The technique we employed to assess the aPWV was the most suitable method for the goals of our study, but not the gold-standard method. The gold-standard cf-PWV assessment requires two different measurements in the carotid and femoral arteries at two separate time points . This method would not allow an appropriate aPWV assessment during SYMP due to the progressive cardiovascular changes over time [22, 47]. Conversely, the method we employed allows the aPWV assessment beat-by-beat and with a single site measurement. Moreover, the method we employed shows high repeatability during test-retest measures compared to other techniques . This study has evaluated absolute values of aPWV reached in the presence of haemodynamics altered by sympathetic activation and physical exercise. The interest was investigating the stiffness of central arterial segments reached in the presence of such haemodynamic conditions.

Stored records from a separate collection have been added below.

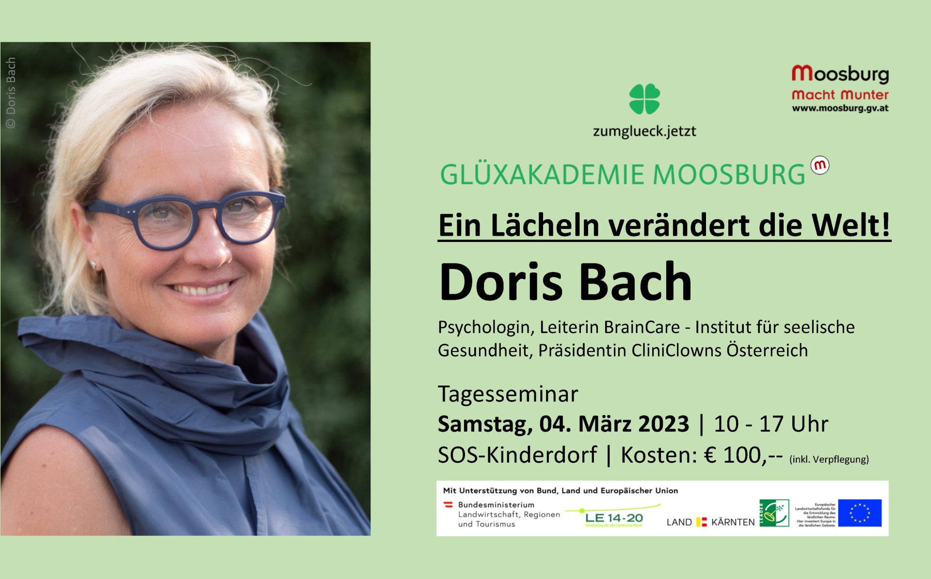 Am 4. März 2023 findet ein Top-Ganztags-Seminar mit der renommierten Psychologin Dr. Doris Bach, Leiterin von BrainCare, dem Institut für seelische Gesundheit und Präsidentin der CliniClowns Österreich im Rahmen der Glüxakademie Moosburg statt.
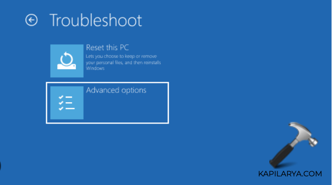 4. Klikk på "Avanserte alternativer" på feilsøkingsskjermen.
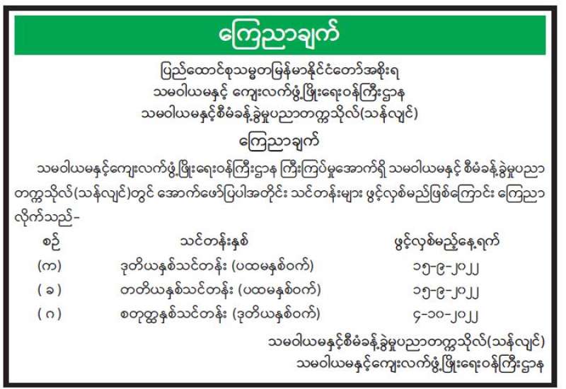 နိုင်ငံတော်စီမံအုပ်ချုပ်ရေးကောင်စီ၏ ၁၀.၁၂.၂၀၂၁ ရက်စွဲပါ အမိန့်ကြော်ငြာစာအမှတ်၊ ၃၆၆/၂၀၂၁ ဖြင့် တရားမဝင်ကုန်သွယ်မှုတိုက်ဖျက်ရေး ဦးဆောင်ကော်မတီကို ပြင်ဆင်ဖွဲ့စည်းခဲ့ပြီး တရားမဝင်ကုန်သွယ်မှုများကို ဥပဒေနှင့်အညီ ထိရောက်စွာအရေးယူ နိုင်ရေး ဆောင်ရွက်လျက်ရှိရာ “တရားမဝင်ကုန်သွယ်မှုသတင်းများ” နှင့်ပတ်သက်၍ အောက်ဖော်ပြပါ တယ်လီဖုန်း၊ ဖက်စ်ဖုန်းနှင့် အီးမေးလ်လိပ်စာတို့ကို လုံခြုံစိတ်ချစွာ တိုင်ကြားနိုင်ပါကြောင်း အသိပေးကြေညာအပ်ပါသည်-
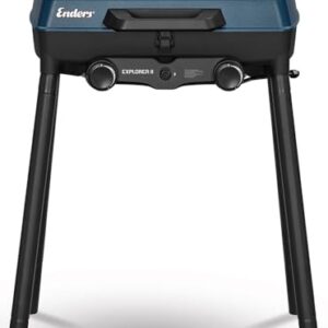 Enders Camping Gasgrill Explorer II, Grill-Thermometer, Grillen-, Kochen-, Backen Funktion, 2 Brenner Edelstahl, kleiner Balkon-Picknick-Grill, Aluguss-Grillwanne #2104, Blau
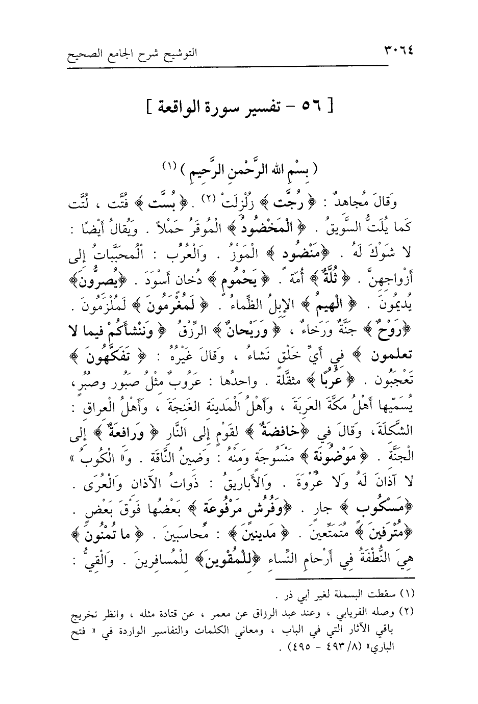 وَقَالَ مُجَاهِدٌ: {رُجَّتْ} [الواقعة: 4]: «زُلْزِلَتْ»، {بُسَّتْ} [الواقعة: 5]: " فُتَّتْ لُتَّتْ كَمَا يُلَتُّ السَّوِيقُ المَخْضُودُ: المُوقَرُ حَمْلًا، وَيُقَالُ أَيْضًا: لاَ شَوْكَ لَهُ " {مَنْضُودٍ} [هود: 82]: «المَوْزُ، وَالعُرُبُ المُحَبَّبَاتُ إِلَى أَزْوَاجِهِنَّ»، {ثُلَّةٌ} [الواقعة: 13]: «أُمَّةٌ»، {يَحْمُومٍ} [الواقعة: 43]: «دُخَانٌ أَسْوَدُ»، {يُصِرُّونَ} [الواقعة: 46]: «يُدِيمُونَ»، {الهِيمُ} [الواقعة: 55]: «الإِبِلُ الظِّمَاءُ»، {لَمُغْرَمُونَ} [الواقعة: 66]: «لَمَلُومُونَ مَدِينِينَ مُحَاسَبِينَ»، {رَوْحٌ} [يوسف: 87]: «جَنَّةٌ وَرَخَاءٌ»، {وَرَيْحَانٌ} [الواقعة: 89]: «الرَّيْحَانُ الرِّزْقُ»، {وَنُنْشِئَكُمْ فِيمَا لاَ تَعْلَمُونَ}: «فِي أَيِّ خَلْقٍ نَشَاءُ» وَقَالَ غَيْرُهُ: {تَفَكَّهُونَ} [الواقعة: 65]: «تَعْجَبُونَ»، {عُرُبًا} [الواقعة: 37]: «مُثَقَّلَةً، وَاحِدُهَا عَرُوبٌ، مِثْلُ صَبُورٍ وَصُبُرٍ، يُسَمِّيهَا أَهْلُ مَكَّةَ العَرِبَةَ، وَأَهْلُ المَدِينَةِ الغَنِجَةَ، وَأَهْلُ العِرَاقِ الشَّكِلَةَ»، وَقَالَ فِي {خَافِضَةٌ} [الواقعة: 3]: «لِقَوْمٍ إِلَى النَّارِ»، وَ {رَافِعَةٌ} [الواقعة: 3]: «إِلَى الجَنَّةِ»، {مَوْضُونَةٍ} [الواقعة: 15]: " مَنْسُوجَةٍ، وَمِنْهُ: وَضِينُ النَّاقَةِ وَالكُوبُ: لاَ آذَانَ لَهُ وَلاَ عُرْوَةَ وَالأَبَارِيقُ: ذَوَاتُ الآذَانِ وَالعُرَى "، {مَسْكُوبٍ} [الواقعة: 31]: «جَارٍ»، {وَفُرُشٍ مَرْفُوعَةٍ} [الواقعة: 34]: «بَعْضُهَا فَوْقَ بَعْضٍ»، {مُتْرَفِينَ} [الواقعة: 45]: «مُمَتَّعِينَ»، {مَا تُمْنُونَ} [الواقعة: 58]: «مِنَ النُّطَفِ يَعْنِي هِيَ النُّطْفَةُ فِي أَرْحَامِ النِّسَاءِ»، {لِلْمُقْوِينَ} [الواقعة: 73]: «لِلْمُسَافِرِينَ، وَالقِيُّ
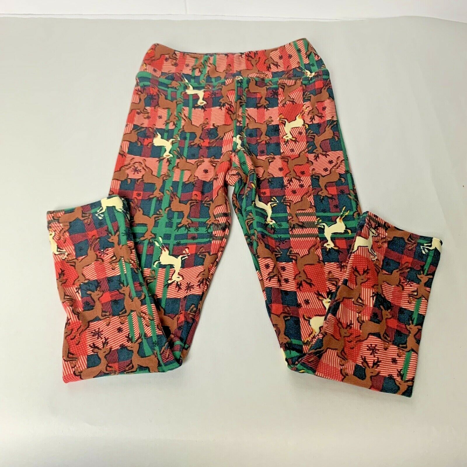 LuLaRoe Christmas Kids Leggings S/M Small/Medium Plaid Reindeer NWOT
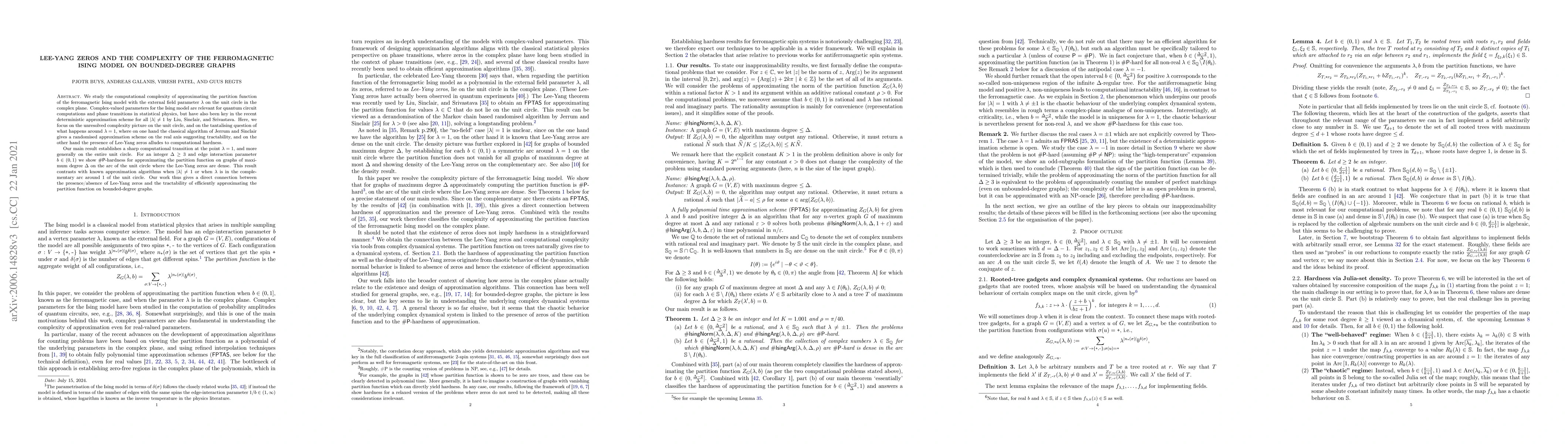 This paper investigates the computational complexity of approximating the partition function of the ferromagnetic Ising model on bounded-degree graphs, focusing on the unit circle in the complex plane. The authors establish #P-hardness for approximating the partition function when Lee-Yang zeros are dense, revealing a sharp computational transition at $\lambda=1$.
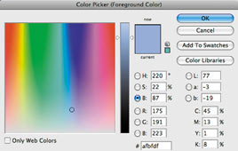בחרו בכלי דוגם הצבע (הטפטפת) ודגמו צבע אופייני באיזור השמים. לחצו על צבע החזית בחלון הכלים, ובחלון בורר הצבעים (Color Picker) שייפתח, הכהו את הצבע על ידי הקטנת הערך בשדה המסומן באות B והגבירו את הרוויה על ידי הגדלת הערך בשדה המסומן באות S.
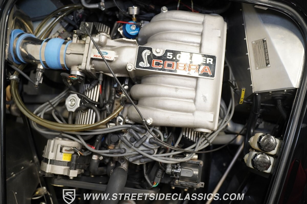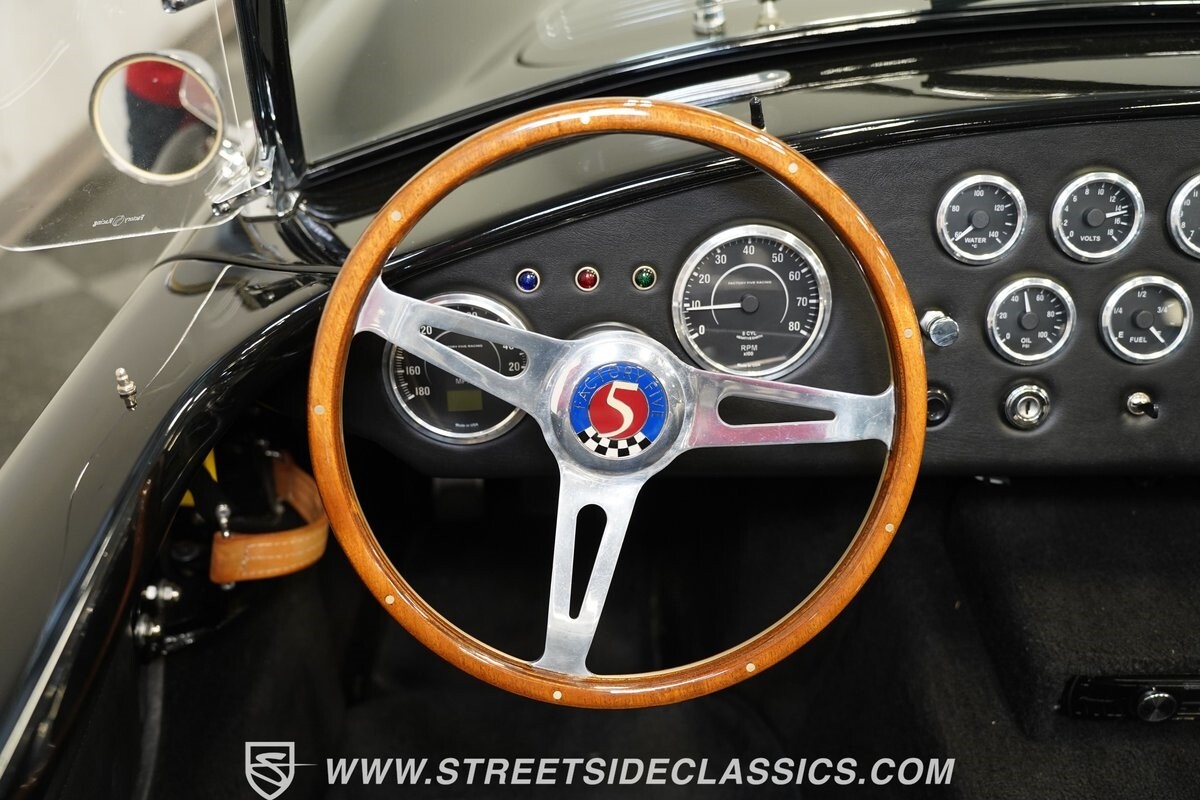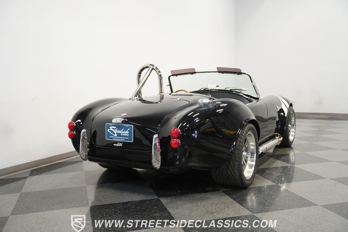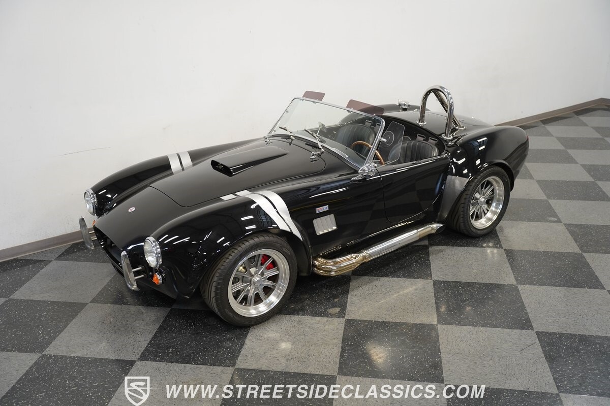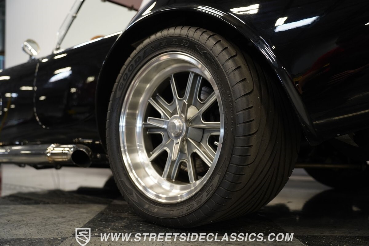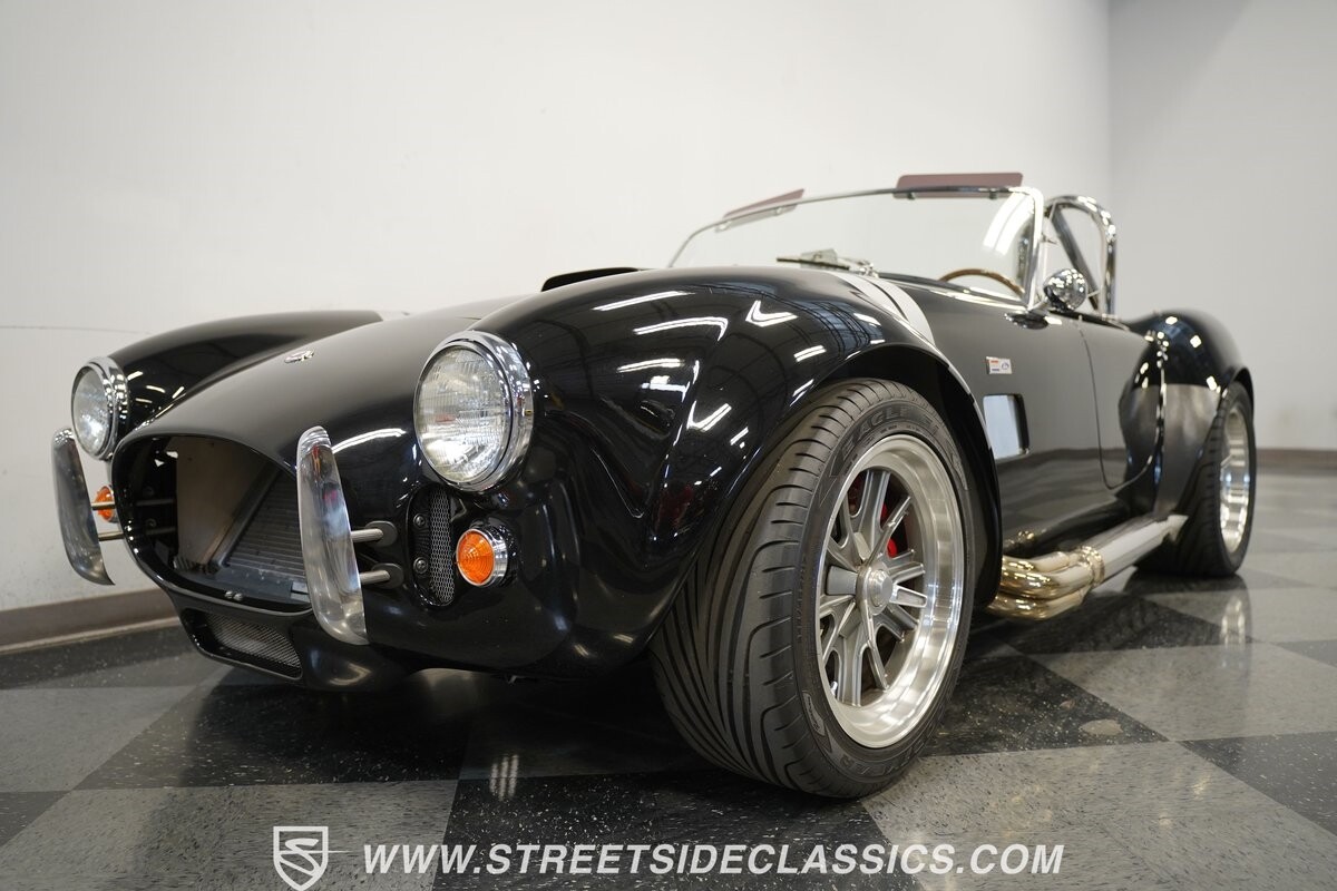 Under the hood, this Cobra uses Ford's other famous engine. The 5.0-liter Windsor small-block V-8 is a two-bolt main from the 1991-1996 era of Mustang engines, featuring electronic fuel injection, so there are no fussy carburetors to deal with. That power is then funneled through a (more) modern Borg and Warner T5 five-speed manual transmission. No mufflers necessary when talking about a Cobra, as the long tube headers link right up to the big side pipes to announce your arrival long before you get there.
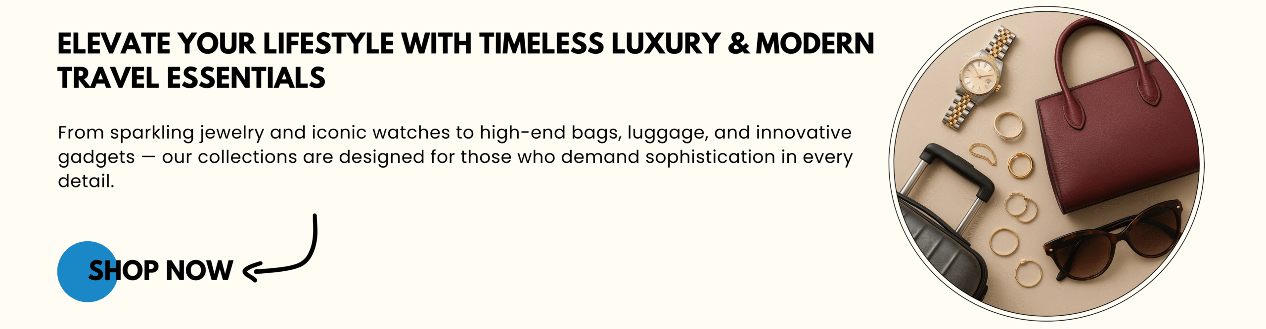 Welcome to Dealtyme Luxury & Travel — your destination for timeless luxury and travel essentials. From fine jewelry and watches to designer bags and premium luggage, we bring you curated collections that combine elegance, style, and adventure.
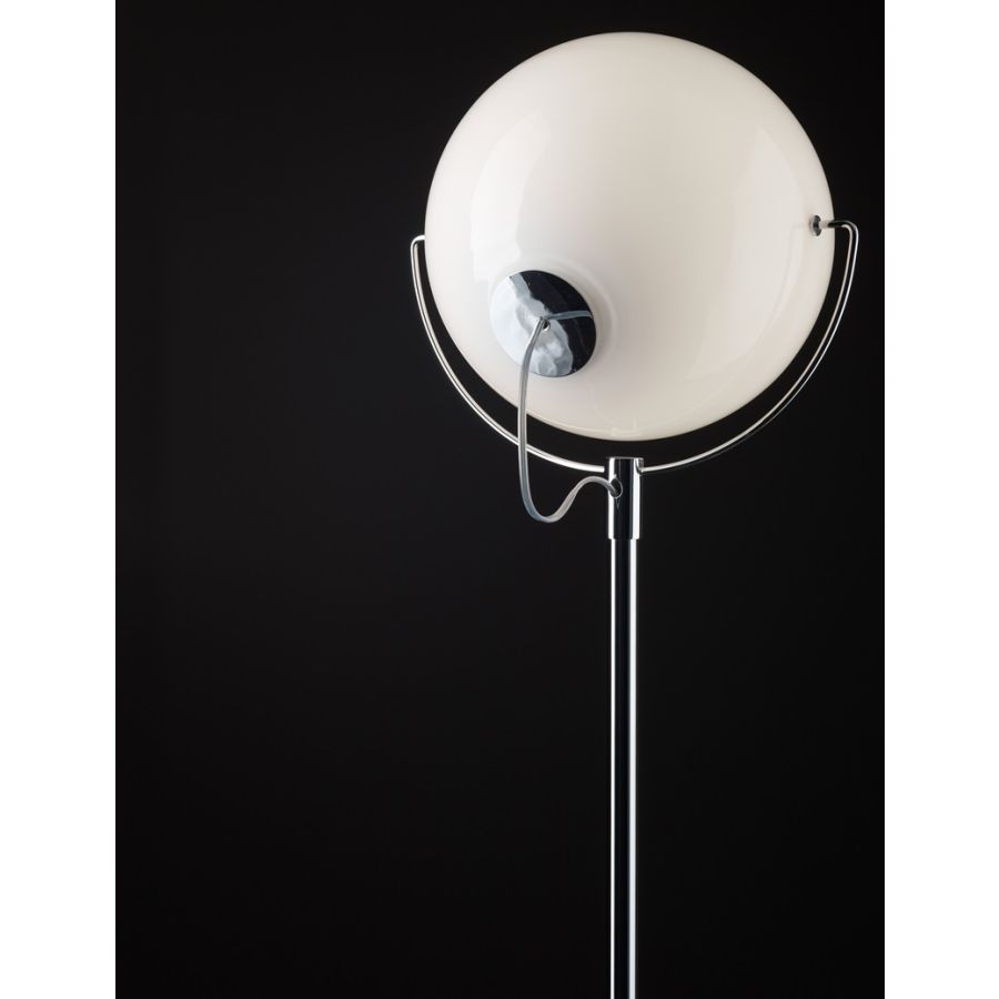 Lampa stojąca z polerowaną, chromowaną konstrukcją. Regulowany polerowany biały dmuchany szklany dyfuzor.
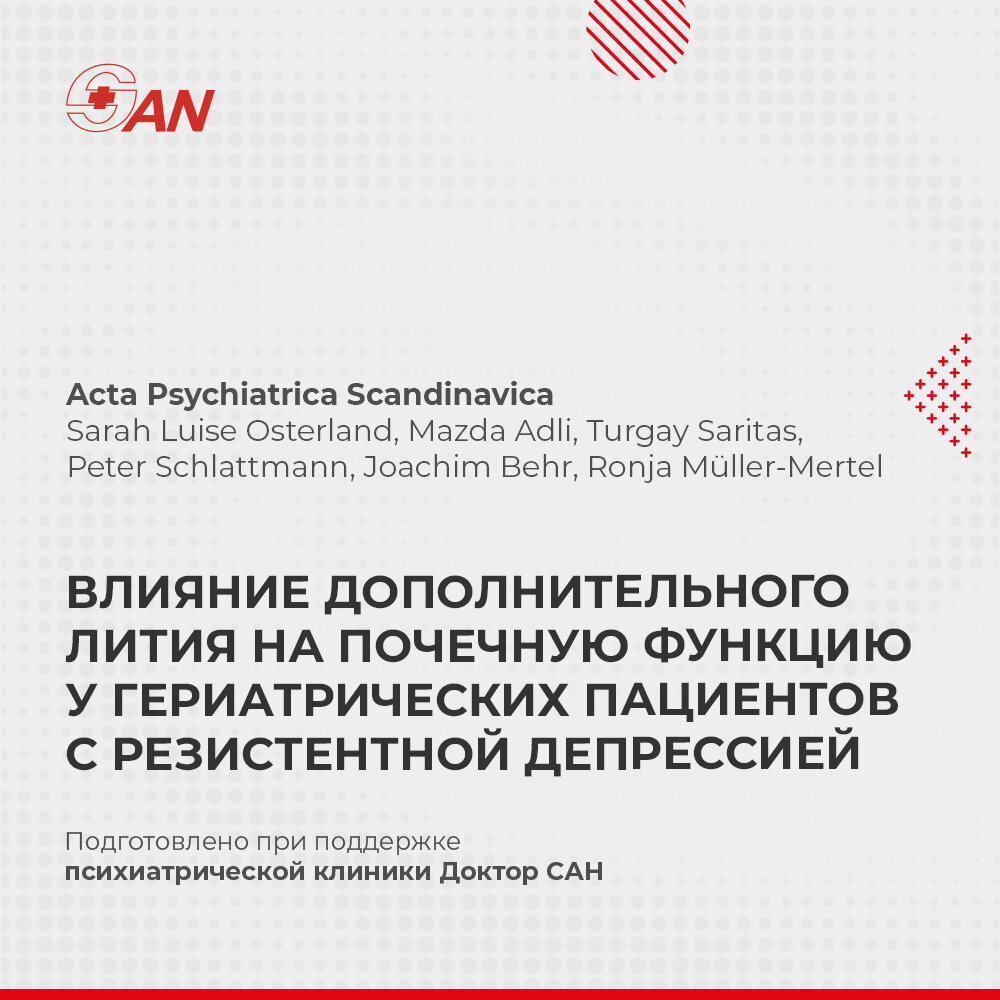 Литиевая аугментация (ЛА) антидепрессантов является вариантом терапии первой линии при терапевтически резистентной депрессии (ТРД). Тем не менее он редко используется у гериатрических пациентов из-за риска почечной токсичности. В исследовании сравнивались изменения расчетной скорости клубочковой фильтрации (рСКФ) и число острых повреждений почек (ОПП) с использованием ЛА у гериатрических пациентов с негериатрическими пациентами. Обе возрастные группы показали значимое снижение рСКФ в течение курса лечения. Однако влияние ЛА на снижение рСКФ не отличалось между возрастными группами. Уровень лития в сыворотке оказал значительное влияние на снижение рСКФ. ОПП наблюдались в гериатрической возрастной группе, когда уровни лития в сыворотке превышали терапевтический диапазон >0,8 ммоль/л. Подробнее о лечении депрессии: https://doctorsan.ru/lechenie-depressii

Our study was not intended to investigate how the arterial viscoelastic structure would be in the presence of similar resting haemodynamic conditions, as it is done for other purposes such as evaluating the chronic effects of exercise training or pharmacological therapy on arterial stiffness at rest. In the present study, we specifically used 2 min of handgrip exercise at 30% MVC as sympathetic stimulant. We employed the same methodology we used in our previous study that led to increased sympathetic vasoconstriction after a half-marathon race within 2 min from the stimulus application . The use of other sympathetic stimulants, modalities, or timing of stimulus application is possible but may not guarantee an increased post-race sympathetic vasoconstriction within 2 min from application and the same effects on the aPWV we found in this study . Previous research has shown sex differences in arterial stiffness following running exercise . In this regard, our sample size was not equally divided between males and females. Finally, race-related stress in the pre-race period could have occurred in runners and affected the aPWV. However, we scrupulously followed the aPWV measurement guidelines to obtain the measure in the most basal conditions possible avoiding external interferences.